**Exercise**
Starting with the line that has "First Day Covers." and finishing with the line that has "今日はハミングサークルがあり", set down each line below exactly. Pictures are not copied.

**Supplied information**
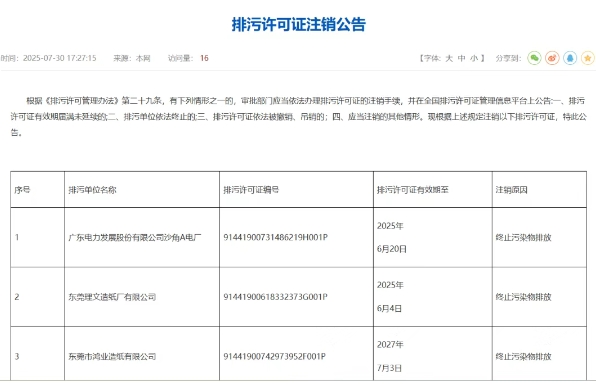 東莞理文造紙廠、東莞市鴻業造紙排污許可證被注銷
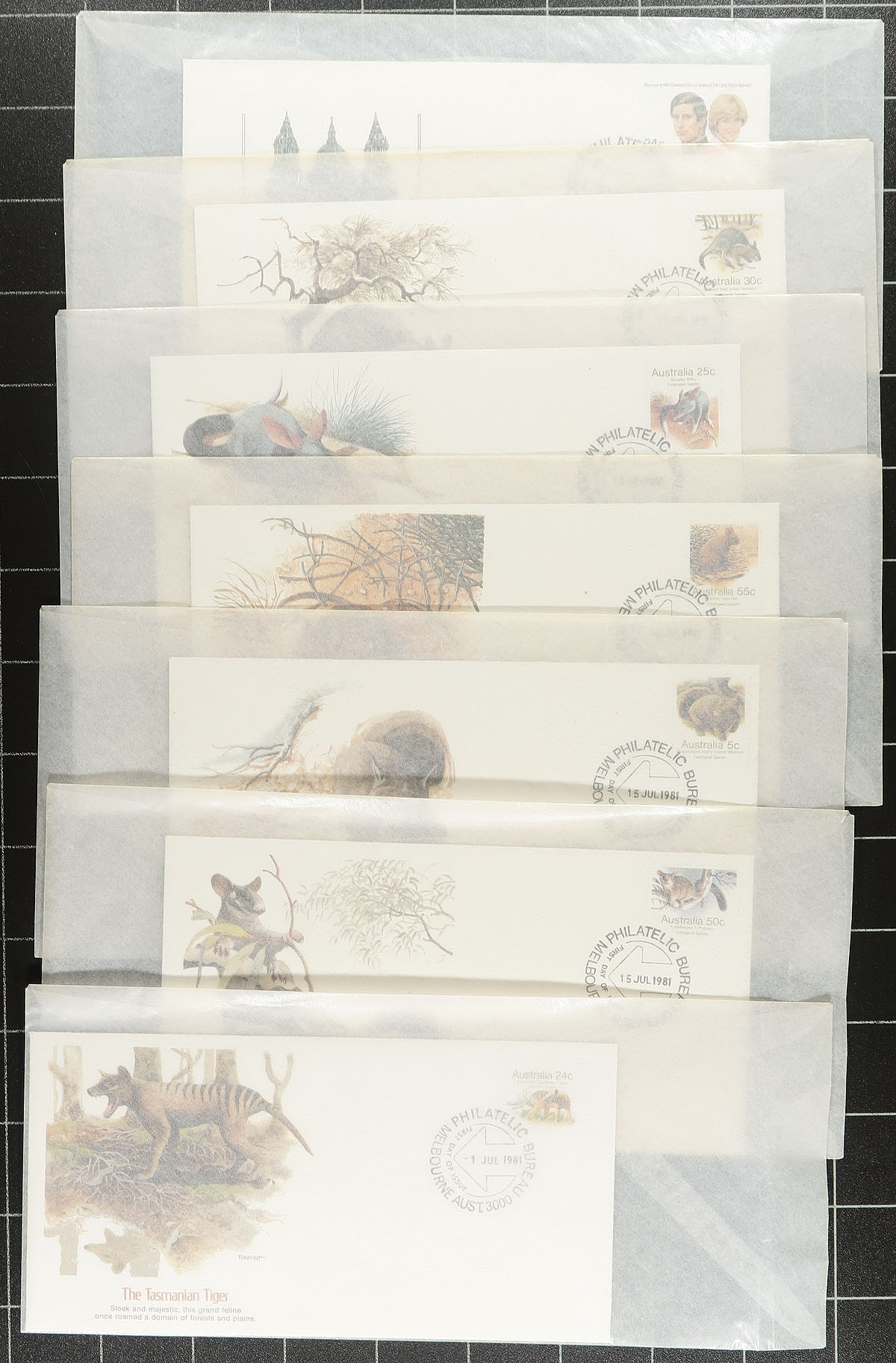 First Day Covers. Bundle of over 200 cachet first day covers from 1946-1987, about 40% with private cachets. The early FDC are from an assortment of cachet makers, including some very nice cachets , transitioning to the 1980's which are mostly Fleetwood cachets and the balance are Australia Post cachets. The early FDCs and a few from the 1980's are addressed, but most are unaddressed. Overall condition is quite good, with only a few duplicates noted. Based on the penciled pricing on a few covers, these haven’t seen the light of day in over 30 years. Substantial catalogue value in Seven Seas. Estimate =
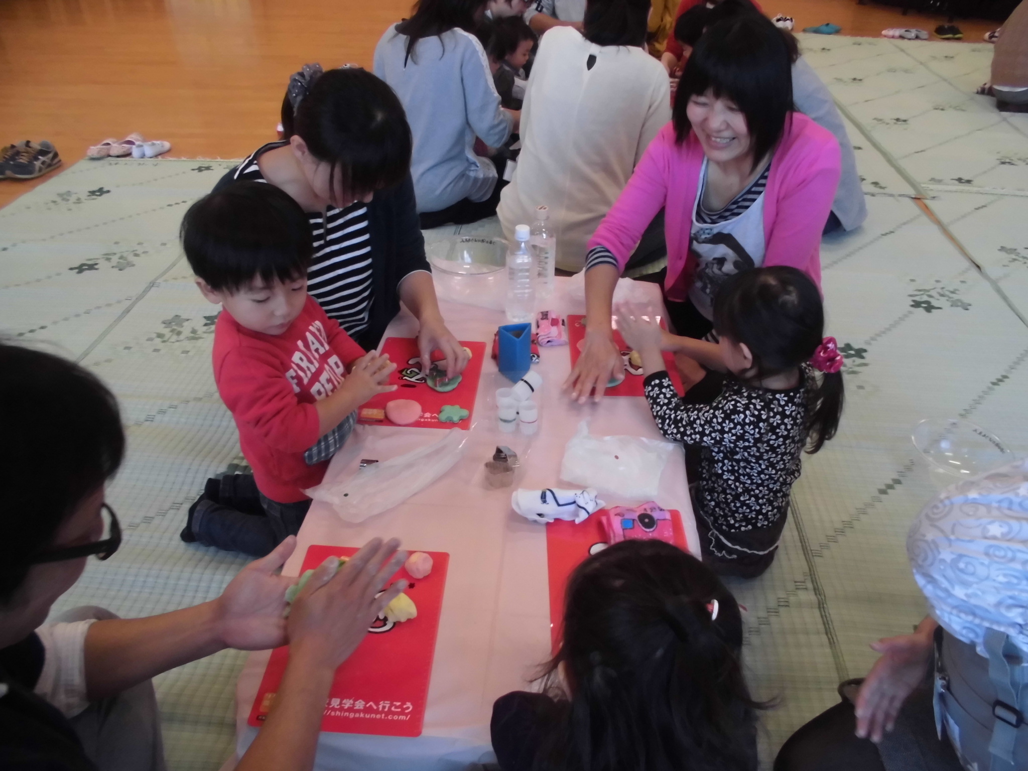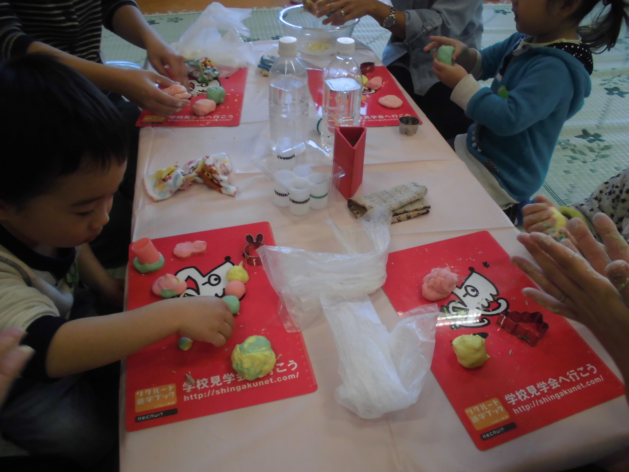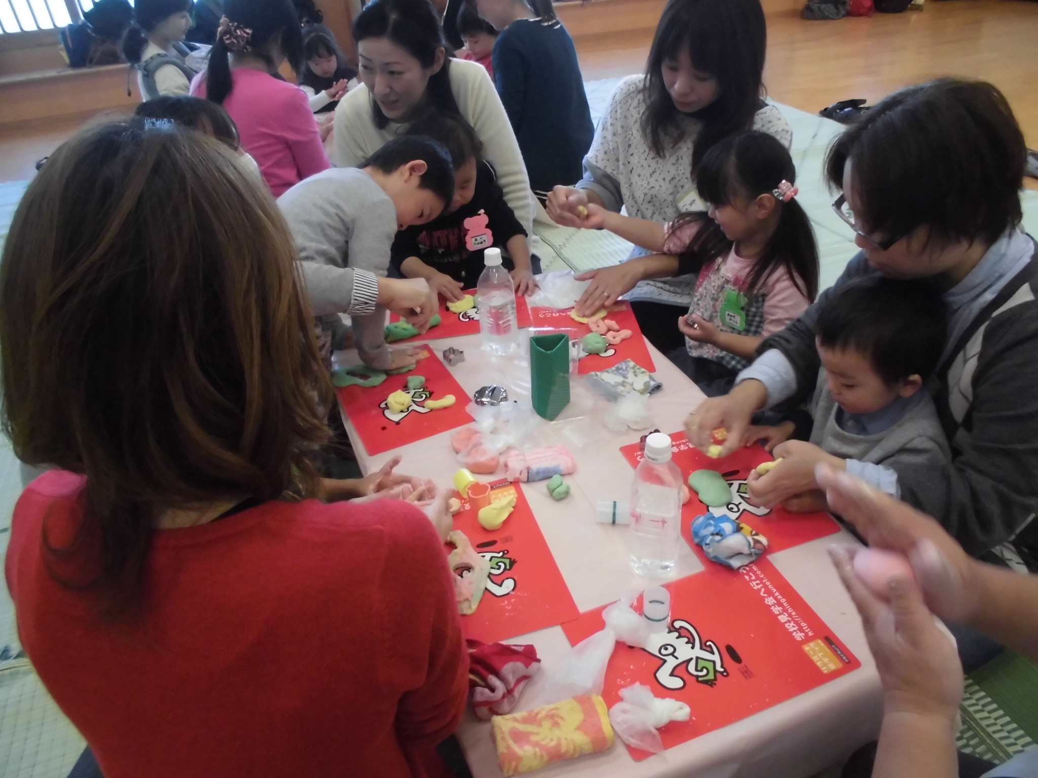 今日はハミングサークルがありました。今回の活動では、親子で小麦粉粘土を作って遊びました。
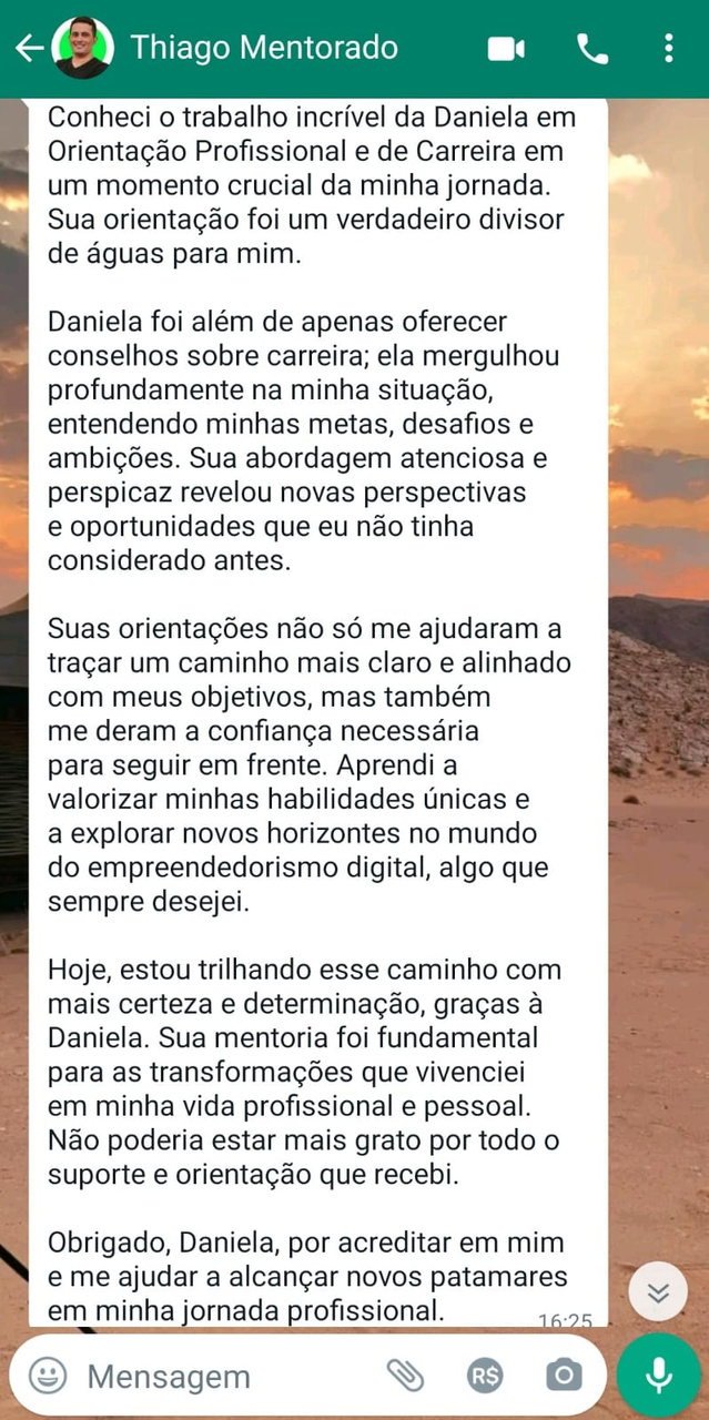 Nesses 13 anos de carreira eu já atendi milhares de pessoas com demandas profissionais e de negócios altamente complexas. Acompanhei universitários, concurseiros, desempregados, pessoas que se sentiam perdidas em transição de carreira ou por falta de perspectivas profissionais. Durante todo esse tempo, eu tive o cuidado de me capacitar, concluindo longos programas de formação, treinamentos executivos, especializações lato sensu, MBA’s e grupos de supervisão para Orientadores Profissionais, mentorias de Negócios com grandes nomes do mercado. Minha bagagem acadêmica e minha experiência profissional são capazes de interpretar suas demandas de Carreira e te auxiliar na compreensão dos seus pontos fortes e fracos; habilidades, interesses e preferências; metas de curto, médio e longo prazo. E é a partir desse trabalho de autodescoberta e guiado pelo seu Projeto de Vida e Plano de Carreira, que você receberá no final da Mentoria, que você poderá fazer e executar as suas melhores escolhas profissionais como Infoprodutor digital. Não existe fórmula mágica, mas existe método, gerenciamento e execução.

**Solution to this exercise**
 First Day Covers. Bundle of over 200 cachet first day covers from 1946-1987, about 40% with private cachets. The early FDC are from an assortment of cachet makers, including some very nice cachets , transitioning to the 1980's which are mostly Fleetwood cachets and the balance are Australia Post cachets. The early FDCs and a few from the 1980's are addressed, but most are unaddressed. Overall condition is quite good, with only a few duplicates noted. Based on the penciled pricing on a few covers, these haven’t seen the light of day in over 30 years. Substantial catalogue value in Seven Seas. Estimate =
 今日はハミングサークルがありました。今回の活動では、親子で小麦粉粘土を作って遊びました。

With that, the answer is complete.